# Source records:
------------------------------------------------

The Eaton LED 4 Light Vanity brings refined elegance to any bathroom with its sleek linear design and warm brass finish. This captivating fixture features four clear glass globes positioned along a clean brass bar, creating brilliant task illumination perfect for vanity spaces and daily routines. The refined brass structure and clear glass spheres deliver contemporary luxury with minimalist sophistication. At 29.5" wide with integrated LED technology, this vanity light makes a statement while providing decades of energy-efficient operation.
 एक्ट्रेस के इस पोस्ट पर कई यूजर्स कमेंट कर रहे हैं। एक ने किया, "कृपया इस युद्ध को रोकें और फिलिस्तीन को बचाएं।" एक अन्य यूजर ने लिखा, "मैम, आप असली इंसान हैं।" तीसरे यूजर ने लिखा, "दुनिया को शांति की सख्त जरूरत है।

------------------------------------------------

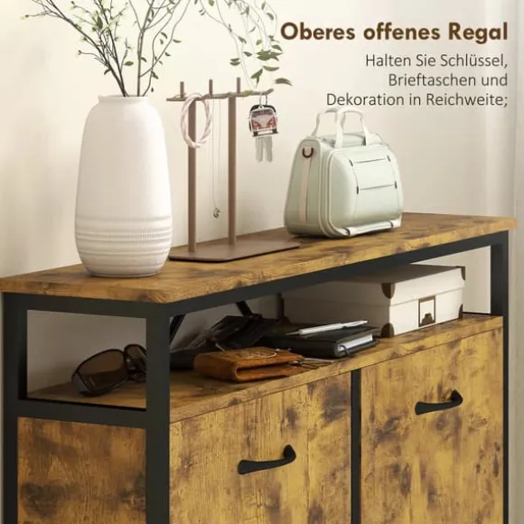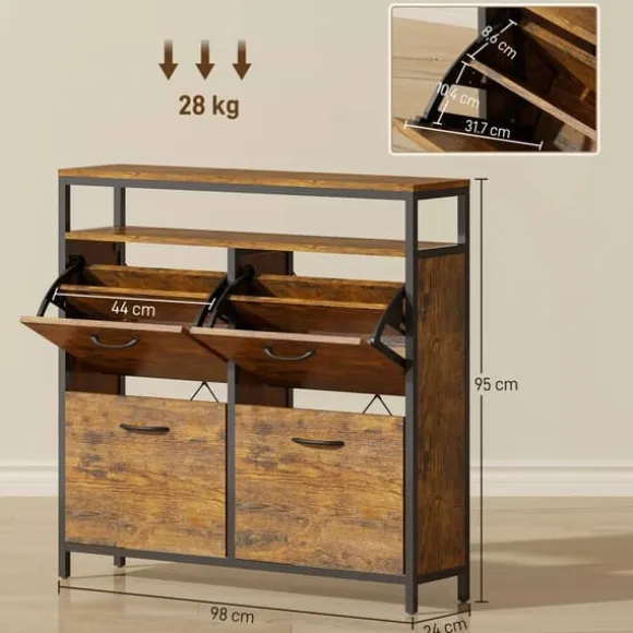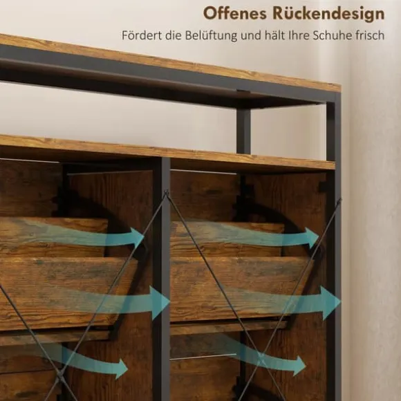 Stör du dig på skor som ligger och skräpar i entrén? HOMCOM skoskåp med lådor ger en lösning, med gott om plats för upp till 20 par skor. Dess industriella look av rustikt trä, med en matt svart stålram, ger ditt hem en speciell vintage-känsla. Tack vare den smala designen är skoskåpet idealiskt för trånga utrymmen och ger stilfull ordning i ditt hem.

------------------------------------------------

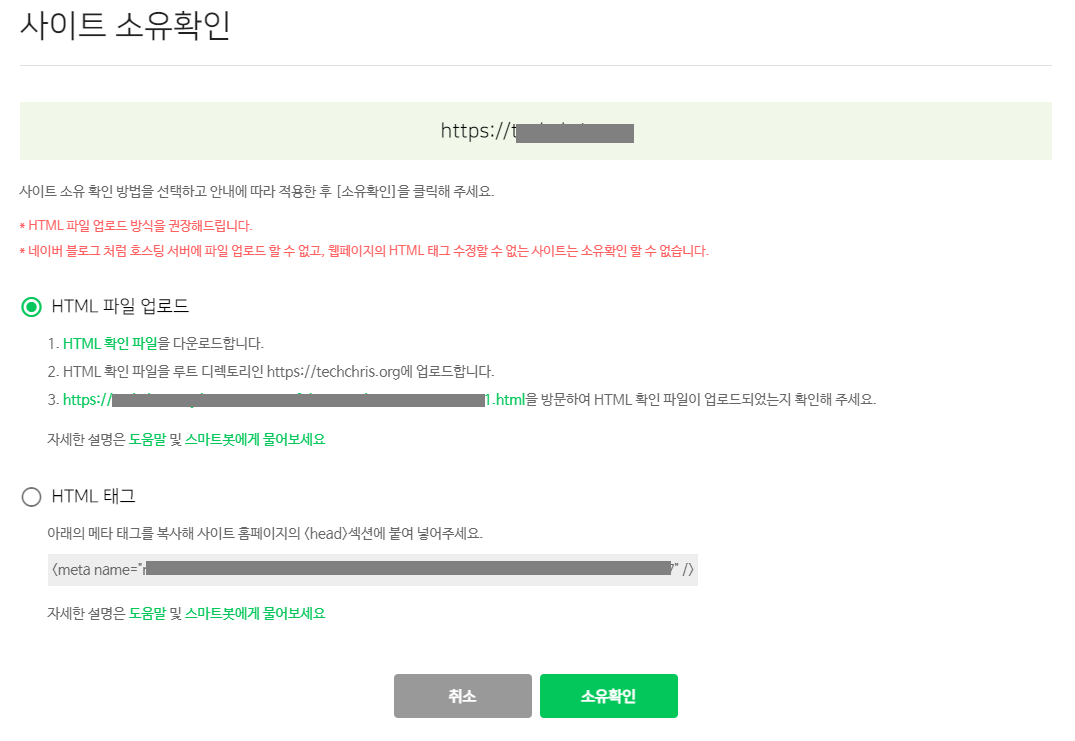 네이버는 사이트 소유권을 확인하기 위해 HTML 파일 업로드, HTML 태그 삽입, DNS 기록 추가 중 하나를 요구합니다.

------------------------------------------------

A word-for-word copy of the lines above from the one with "The Eaton LED" through the one with "एक्ट्रेस के इस", inclusive, is the only output wanted.

# Expected output:
The Eaton LED 4 Light Vanity brings refined elegance to any bathroom with its sleek linear design and warm brass finish. This captivating fixture features four clear glass globes positioned along a clean brass bar, creating brilliant task illumination perfect for vanity spaces and daily routines. The refined brass structure and clear glass spheres deliver contemporary luxury with minimalist sophistication. At 29.5" wide with integrated LED technology, this vanity light makes a statement while providing decades of energy-efficient operation.
 एक्ट्रेस के इस पोस्ट पर कई यूजर्स कमेंट कर रहे हैं। एक ने किया, "कृपया इस युद्ध को रोकें और फिलिस्तीन को बचाएं।" एक अन्य यूजर ने लिखा, "मैम, आप असली इंसान हैं।" तीसरे यूजर ने लिखा, "दुनिया को शांति की सख्त जरूरत है।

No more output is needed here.